Demanding answers only led to derailment. I’d learned that lesson with my father—and so had she, I suspected. Hadn’t we already seen the door shut, a little at a time, until it was closed entirely? Somehow, I needed to keep the door open with her, and find a way to nudge it open more, to get closer to her.
So I framed her image with my father’s in the camera, and a wobbly smile came to her lips. “Tell me what you like about this picture,” I asked again, softer.
She paused, thought for a second. “It reminds me of him.”
Click. I took the picture, and when the pixels filled the screen, I saw the love she still had for my dad, spread across the plasma. Hope rose in my chest. Could Nick and I have that someday? Make our feelings last over years, over the divide of death? Despite everything, she still loved him, and I wondered why. I raised the camera again. “Why?”
“Because it’s hard and soft at the same time.”
Click again, but I didn’t glance down at the result this time, because I heard in her voice what the picture would become. Tender, vulnerable. An inside peek into her heart. Curiosity bloomed in me, to know the woman who had been such an enigma, this half of my biology I barely knew. Finding the keys to her, I realized, would unlock the parts of me that I needed, too. And maybe, I thought, glancing toward where Nick had gone with Reginald, provide the answers I needed in that relationship, too. “Tell me more.”

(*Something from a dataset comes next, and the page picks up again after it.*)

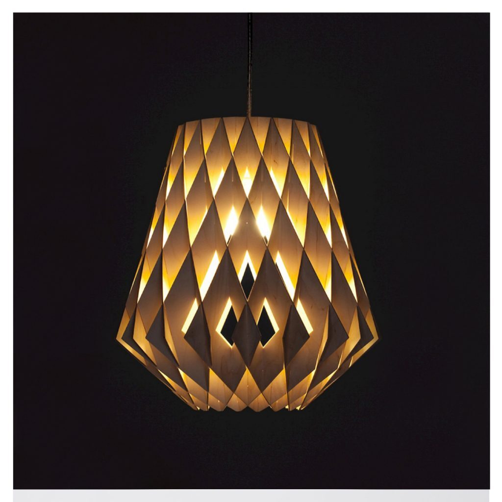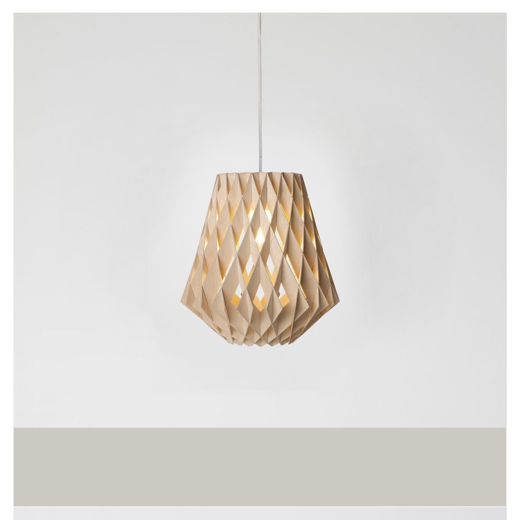 Mooie transparante moderne lamp van Showroom Finland, gemaakt van mdf. De lampen worden in Finland gemaakt op basis van een oude Finse ambacht in combinatie met de huidige technieken.

She turned, peering over her shoulder at the view for a long time, just staring at the splendid, larger-than-life, impossible-to-capture magnificence. “Your dad, he was strong, you know. He held us together, held everything together, but underneath—”
I lowered the camera, no longer able to see what she saw. “Underneath he wasn’t what we saw or what he thought.”
She pivoted back, a tear running down her face. “He was like that lake, wasn’t he? Deep, and dark, and full of secrets. And maybe if we had seen past the stones, we might have—”
“Oh, my God, Louie, would you lookee here at that great big picture of that man! Ain’t that ’
bout the cutest thing you ever did see?” The high-pitched, grating Southern voice caused my finger to falter on the shutter release, adding one memorable photo of my mother’s shoes to the collection.
I turned around to see Daisy Duke—or what Daisy Duke would look like, if she had five kids, let her body go, and stopped coloring her roots. “Uh, hi.”
“Hi! Whatcha doing?”
I cursed the interruption. Every time my mother and I took two steps forward, something caused us to slide back three steps.
“Taking a picture, that’s all.” I held up the digital camera for proof. Where was my bodyguard boyfriend and Reginald? Granted, he wasn’t exactly a feral pig, nor did Nick make for a menacing presence, but these people were WEIRD, in capital letters, and I wanted some backup.
“I meant, with the cardboard man,” Daisy Duke said. “If I had me one of those, why, I’d just love it. I could set him up in the living room, make him a real conversation piece, if you know what I mean.” She gave me a wink and a side-mouth “chuk-chuk,” like she was calling a horse.
“I’m sure you would.” I turned back to Ma, reframed the picture, and clicked, this time getting it right. “All set, Ma.”
“Is that your man?” Daisy Duke asked Ma. “Did he not want to come along on your trip to the Rockies? Or are you just framing him for blackmail purposes? I only ask because my neighbor Jolene did that and Lordy, she got a whole bunch of money from the divorce settlement for setting her man up in a compromisin’ position with a compromisin’ woman.” Daisy sighed. “’Course, she did have to pay it all back, once Jeremiah proved, with videotape, that she’d been compromisin’ with a little filly of her own, if you know what I mean. Seems videotape trumps photographs every time.”
I didn’t know what Daisy Duke meant in that long-winded paragraph of a sentence and I wasn’t going to ask for an explanation. Some things, I figured, were better left unknown.